== Exercise prompt ==
From the listing below, output the lines between the one with "17일 오후 서울 중구" and the one with "72878657 alte Postkarte", including those two, and nothing else. Pictures are not copied.
Segment Start: Working data
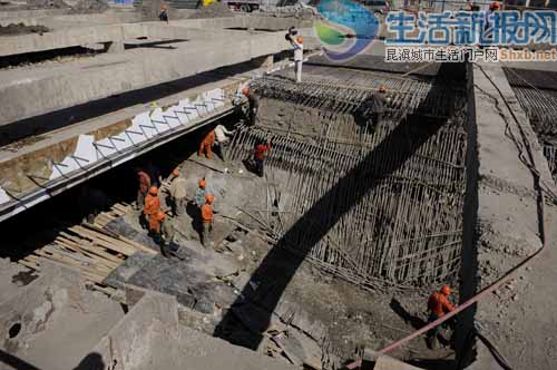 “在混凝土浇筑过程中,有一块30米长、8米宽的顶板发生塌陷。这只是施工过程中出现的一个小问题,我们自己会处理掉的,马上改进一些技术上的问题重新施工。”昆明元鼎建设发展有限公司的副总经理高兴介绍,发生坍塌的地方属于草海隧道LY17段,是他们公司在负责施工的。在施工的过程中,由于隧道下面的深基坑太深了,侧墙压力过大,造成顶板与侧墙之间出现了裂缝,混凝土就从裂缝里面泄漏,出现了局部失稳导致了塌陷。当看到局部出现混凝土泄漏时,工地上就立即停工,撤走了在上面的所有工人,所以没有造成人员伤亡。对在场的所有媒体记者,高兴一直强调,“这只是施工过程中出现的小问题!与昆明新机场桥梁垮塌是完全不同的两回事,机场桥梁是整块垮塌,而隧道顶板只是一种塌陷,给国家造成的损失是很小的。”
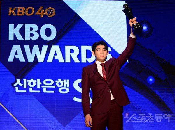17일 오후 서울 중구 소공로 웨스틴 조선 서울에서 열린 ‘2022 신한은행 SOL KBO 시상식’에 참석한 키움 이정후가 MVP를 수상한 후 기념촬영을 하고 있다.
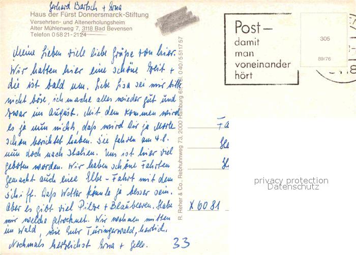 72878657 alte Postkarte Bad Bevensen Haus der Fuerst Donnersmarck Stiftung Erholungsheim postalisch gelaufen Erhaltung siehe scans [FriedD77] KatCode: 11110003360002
Segment End: Working data
Segment Start: Working data
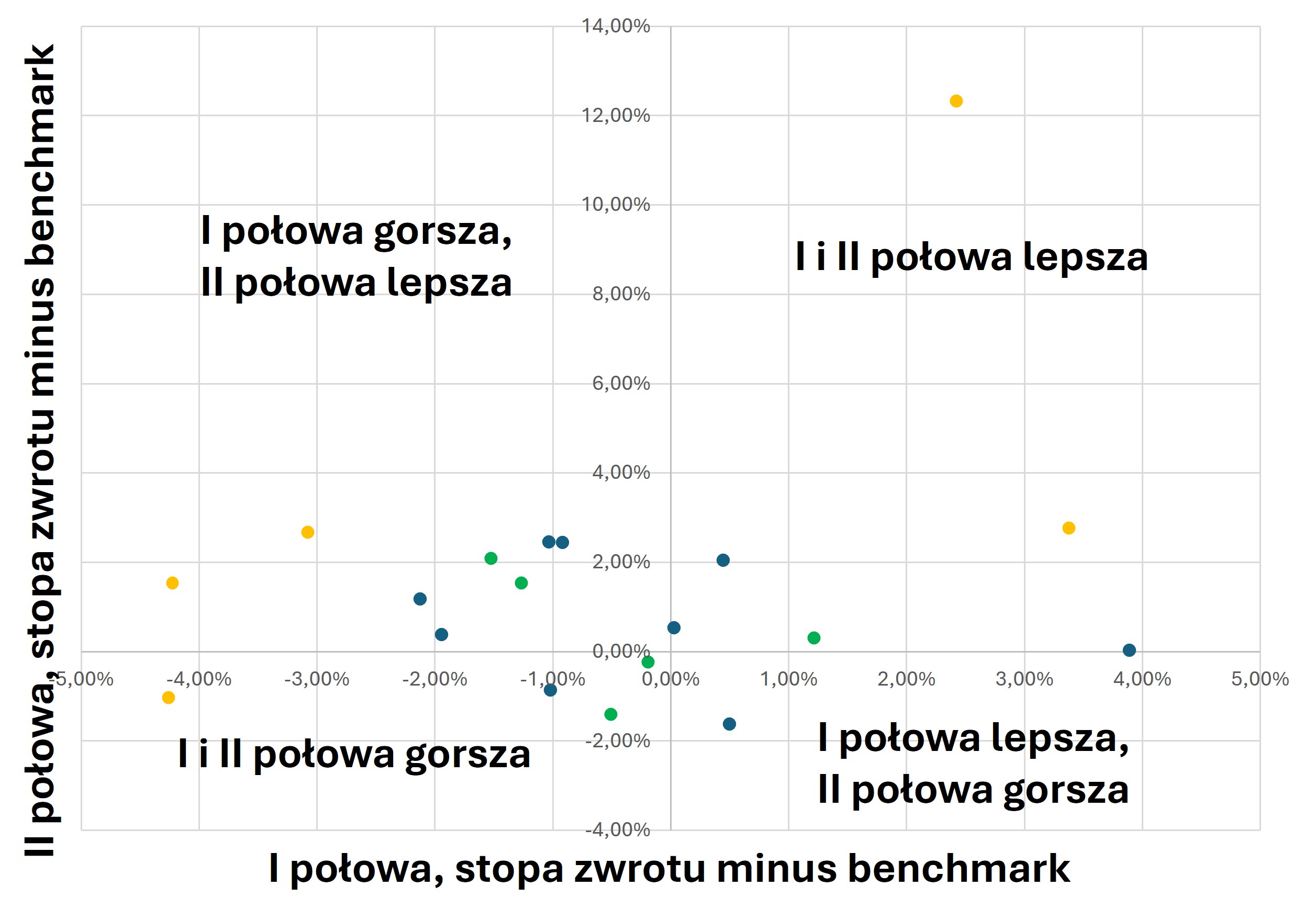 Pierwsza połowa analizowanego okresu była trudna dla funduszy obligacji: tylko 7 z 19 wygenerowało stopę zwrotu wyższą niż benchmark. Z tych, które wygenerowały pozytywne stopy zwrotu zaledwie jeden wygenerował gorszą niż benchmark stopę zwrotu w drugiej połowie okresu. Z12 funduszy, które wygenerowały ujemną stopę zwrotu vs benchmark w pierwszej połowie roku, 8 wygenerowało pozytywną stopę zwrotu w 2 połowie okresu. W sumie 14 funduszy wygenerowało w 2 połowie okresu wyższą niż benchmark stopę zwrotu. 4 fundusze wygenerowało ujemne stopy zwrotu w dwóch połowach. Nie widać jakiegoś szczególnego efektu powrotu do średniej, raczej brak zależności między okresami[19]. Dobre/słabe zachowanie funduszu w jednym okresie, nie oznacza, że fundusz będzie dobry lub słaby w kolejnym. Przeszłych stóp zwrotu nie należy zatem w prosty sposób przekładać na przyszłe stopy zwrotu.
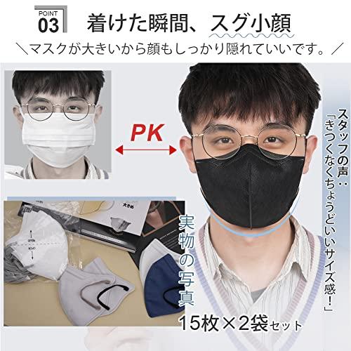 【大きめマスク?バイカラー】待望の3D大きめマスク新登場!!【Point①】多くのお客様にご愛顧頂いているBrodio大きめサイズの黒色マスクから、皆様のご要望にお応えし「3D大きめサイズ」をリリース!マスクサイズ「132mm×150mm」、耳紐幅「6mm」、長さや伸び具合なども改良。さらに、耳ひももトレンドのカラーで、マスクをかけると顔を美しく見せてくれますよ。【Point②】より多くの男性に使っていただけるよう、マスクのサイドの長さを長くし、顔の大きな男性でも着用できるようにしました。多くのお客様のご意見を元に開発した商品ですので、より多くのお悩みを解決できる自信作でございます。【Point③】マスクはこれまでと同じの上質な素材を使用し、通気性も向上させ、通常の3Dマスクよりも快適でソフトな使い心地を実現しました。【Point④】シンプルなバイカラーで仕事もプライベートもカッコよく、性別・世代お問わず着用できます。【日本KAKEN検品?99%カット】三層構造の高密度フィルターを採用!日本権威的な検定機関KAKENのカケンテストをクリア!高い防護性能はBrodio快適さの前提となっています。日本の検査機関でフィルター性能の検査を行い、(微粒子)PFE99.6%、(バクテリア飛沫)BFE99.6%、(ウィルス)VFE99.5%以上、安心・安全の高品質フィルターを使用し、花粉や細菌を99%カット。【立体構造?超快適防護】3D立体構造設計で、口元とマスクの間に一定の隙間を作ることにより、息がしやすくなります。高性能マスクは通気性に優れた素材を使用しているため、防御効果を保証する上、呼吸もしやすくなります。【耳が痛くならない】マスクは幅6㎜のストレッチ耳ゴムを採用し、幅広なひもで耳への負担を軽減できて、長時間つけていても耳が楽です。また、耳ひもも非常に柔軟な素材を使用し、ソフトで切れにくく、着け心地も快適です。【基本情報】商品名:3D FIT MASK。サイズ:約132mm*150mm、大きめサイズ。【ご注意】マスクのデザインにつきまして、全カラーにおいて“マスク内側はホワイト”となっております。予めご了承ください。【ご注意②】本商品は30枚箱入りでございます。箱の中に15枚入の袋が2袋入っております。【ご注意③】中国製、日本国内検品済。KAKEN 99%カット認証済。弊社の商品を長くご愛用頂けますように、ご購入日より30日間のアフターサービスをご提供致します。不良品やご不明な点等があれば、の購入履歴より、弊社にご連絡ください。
Segment End: Working data
== Answer box ==
17일 오후 서울 중구 소공로 웨스틴 조선 서울에서 열린 ‘2022 신한은행 SOL KBO 시상식’에 참석한 키움 이정후가 MVP를 수상한 후 기념촬영을 하고 있다.
 72878657 alte Postkarte Bad Bevensen Haus der Fuerst Donnersmarck Stiftung Erholungsheim postalisch gelaufen Erhaltung siehe scans [FriedD77] KatCode: 11110003360002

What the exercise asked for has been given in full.